FUTURA, the typeface of tomorrow, took America by storm, and even this stencil version, Futura Black (Fig 30), was extremely popular. Lucian Bernhard waded into the type business with over 30 typefaces, Although not purely geometrical, his signature eponymous sans serif bold sold well (Fig 31).


Figures 32-39

Meanwhile, magazines like Advertising Arts (Fig 32) were selling the modernist ideas to agency designers. Herbert Bayer, who was featured with his Bauhaus-influenced typography in the original 1924 Tschichold “Elementare,” did this surreal cover of Gebrauchsgraphik in 1938 (Fig 33) which also was an influential magazine for a kind of watered down modernism.

From advertising, the new typography moved to books. This treatment by Merle Armitage (Fig 34) using this thin slab serif for the title Martha Graham with FUTURA titling type says modernity but not in a radical manner. And here’s a 1930 example by the architect Frederick Kiesler (Fig 35). Note the flush right title page type nearly falling of the edge of the page on the right of the titles page.
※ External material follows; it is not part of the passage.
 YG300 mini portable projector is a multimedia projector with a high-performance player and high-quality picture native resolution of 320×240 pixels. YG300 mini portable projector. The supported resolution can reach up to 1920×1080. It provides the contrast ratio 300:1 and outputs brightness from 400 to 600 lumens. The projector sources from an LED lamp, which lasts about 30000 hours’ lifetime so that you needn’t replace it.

There were a few iconoclastic and intrepid American designers who saw ways of using typo-photo and The New Typography in unique ways. Underscoring a phrase by Gress about finding an “American idiom,” this is one of Paul Rand’s early pieces for Autocar (Figs 36 37 38), the 1942 “Mechanized Mules of Victory,” selling the company’s tank production during World War II. He also drew on inspiration from Moholy Nagy among others as conceptual tools for this 1942 Direction (Fig 39).


Figures 40-43

PM magazine was what we now call an “influencer” of design style and thought. This 1937 cover (Fig 40) by Lester Beall shows his New Typgraphy influence and interpretation. Beall was doubtless one of the more literal interpreters of Bauhaus, Constructivist and de Still visual concepts. his posters for the REA from 1937-1941 are classic examples (Fig 41).
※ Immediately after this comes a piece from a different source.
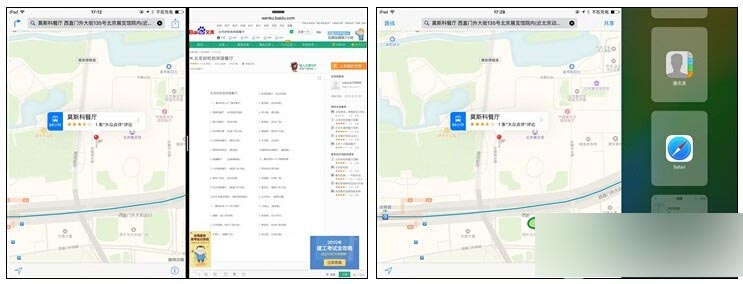 Split View可以讓iPad同時運行兩個應用,我們終于可以在iPad上一邊搜索有哪些好吃的餐廳一邊在地圖上找位置啦!當然,應用的場景遠不止吃這一項,像寫論文時查資料、聊天的時候看電影等等。現在兩個任務之間的比例只有5:5和7:3兩種(3:7都不行),整塊屏幕中以左屏幕為主,右屏幕可隨時調換,以上圖(左圖)為例,我們可以拖動右側屏幕上方的橢圓形按鍵將這個屏幕隨時變為小圖標形式并切換為其它應用。(該功能目前只能在iPad Air2實現)

By the late 40s and 50s Ladislav Sutnar most influenced the design of everyday things with The New Typography (Fig 42), integrating it into the American visual language. His legacy starts in Pilsen and Prague, Czechoslovakia with his constructivist magazine covers. When he emigrates to the United States, he starts working with Kund Lundberg Holm on Sweets service industrial trade catalogs. Combining the ideas of the avant garde with the pragmatism of American industry. This, “Catalog Design Progress” (Fig 43), which embodies all the tenets of The New typography, is his and the eras most Modern industrial design manual.


Figures 44-46

Clarity was his godhead. He believed in creating as many simple sign posts as possible. Here is the nitty gritty merchandize, in this case plumbing fixtures and parts. Pages and layouts are designed so they are accessible and decipherable. These are industrial products elevated to the level of art (Figs 44 45 46).
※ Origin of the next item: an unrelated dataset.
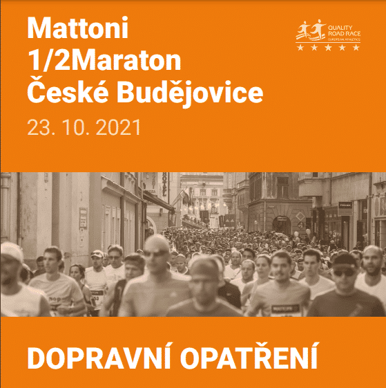 Odbor dopravy a silničního hospodářství stanovuje přechodnou úpravu provozu na místních komunikacích a silnicích II. a III. třídy pro zajištění bezpečnosti a plynulosti silničního provozu po dobu konání tradičního mezinárodního běžeckého závodu Mattoni 1/2 Maraton České Budějovice 2021, a to v sobotu 23.října.

Corporations with design savvy relied on designers either schooled in or influenced by the New Typography. This was manifest in the work done for Container Corporation of America (Figs 47 48 49).


Figures 47-50

Alvin Lustig was not an adman, per se, but he was an exemplar of the Americanization of The New Typgraphy in ads (Fig 50) that are based on economy and the surprisingly scaled juxtaposition of photographic elements and type. For clients like Knoll, Paramount Furniture, Lansing Sound, and Miller Lighting Co., he created elegantly minimalist ads. Of course, these were design related companies. In the U.S. the New Typography eventually evolved into the International Style. But rather than me sum up the Americanization I’ll leave it to Paul Rand, who wrote this in 1952 in Typographica #5’s “Modern Typography in the Modern World: “The question of national versus international typographic style actually eludes discussion. Any country or region which has a vital and strongly characterized people will inevitably impart its ineffable flavor to all forms of artistic output. This is natural and inevitable and, I think, only objectionable when it becomes chauvinistic and therefore contrived. The more urgent issues are aesthetic, historical, and sociological. Is what we produce today beautiful? Is it timely? Is it creative? Does it strengthen the cultural fabric our society?”